左室舒張功能障礙可導致心尖收縮延長和左心室充盈受損,引起心絞痛症狀。最後,左室結構紊亂易導致傳導異常和致命性心律失常。

HCM的心電圖特徵:

心前區高電壓,非特異性ST段和T波異常;

側壁(I、aVL、V5-6)和/或下壁(II、III、aVF)導聯深而窄的Q波(“匕首狀”);

在嚴重疾病中,左心房擴大很常見,其由左心室舒張功能障礙引起的代償性肥厚所致。

3.下一步該怎麼辦?

心電圖提示HCM的症狀性患者,應立即入院治療。患者應進行心臟監護、超聲檢查和心臟核磁共振檢查,以明確診斷和疾病的嚴重程度。無症狀患者通常可在門診進行上述檢查。
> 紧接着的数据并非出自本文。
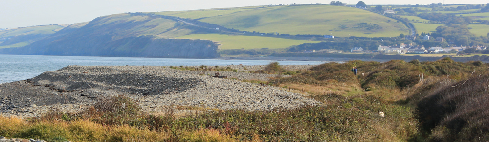 Another lovely and varied section this one isn’t it? I often think going to the toilet is a gurantee to make someone appear! I walked this today but the path at Llanon is odd. If you look at the most recent Ordnance Survey map there are actually now two coast path routes. An inland route that goes right into the centre of Llanon and another closer to the coast that only gets near the church, which is at the far north west of the village. I tried to follow this latter route and the path is diverted onto the pebble beach by some expensive metal stair cases (I suspect these can be “moved back” if more of the coast erodes). I suspect this diversion is because the path on the cliff tops has eroded away. But at the second stair case (which I noted did not have a coast path sign, unlike the first one) I went up expecting the path to continue on the low cliffs, but there was a fence blocking the way and the only path headed inland towards the road. I decided to continue on the beach assuming this was the right way to reach those wooden poles you photographed (but it was near high tide, so the larger waves were reaching them). On making it past these there was then a stream. With no way past it other than to ford it or go back, I opted for the later since I could see the onward coast path ahead. Not sure what is going on with the path around here!

值得注意的是,5%的HCM患者的心電圖正常。若基於臨床症狀高度懷疑HCM,則同樣應進行上述檢查。

心電圖2:17歲女生,蘋果手錶提示心率過快

2種不可不知的致命心電圖模式

圖2 心率過快女士的心電圖

1.上述心電圖存在哪些主要異常?

由於側壁導聯存在較大振幅的QRS波和ST/T段異常,因此乍一看心電圖可能代表左心室肥厚。然而,仔細研讀心電圖還存在其他異常:

極短的PR間期(<120ms);

廣泛的QRS波伴QRS波上升支粗頓——δ波。

2.最可能的診斷是什麼?

患者最可能為預激綜合徵,又稱Wolf-Parkinson-White綜合徵(WPW綜合徵)。WPW是指由於心臟存在異常的電傳導通路而發生心動過速,有發生室上性心律失常的傾向。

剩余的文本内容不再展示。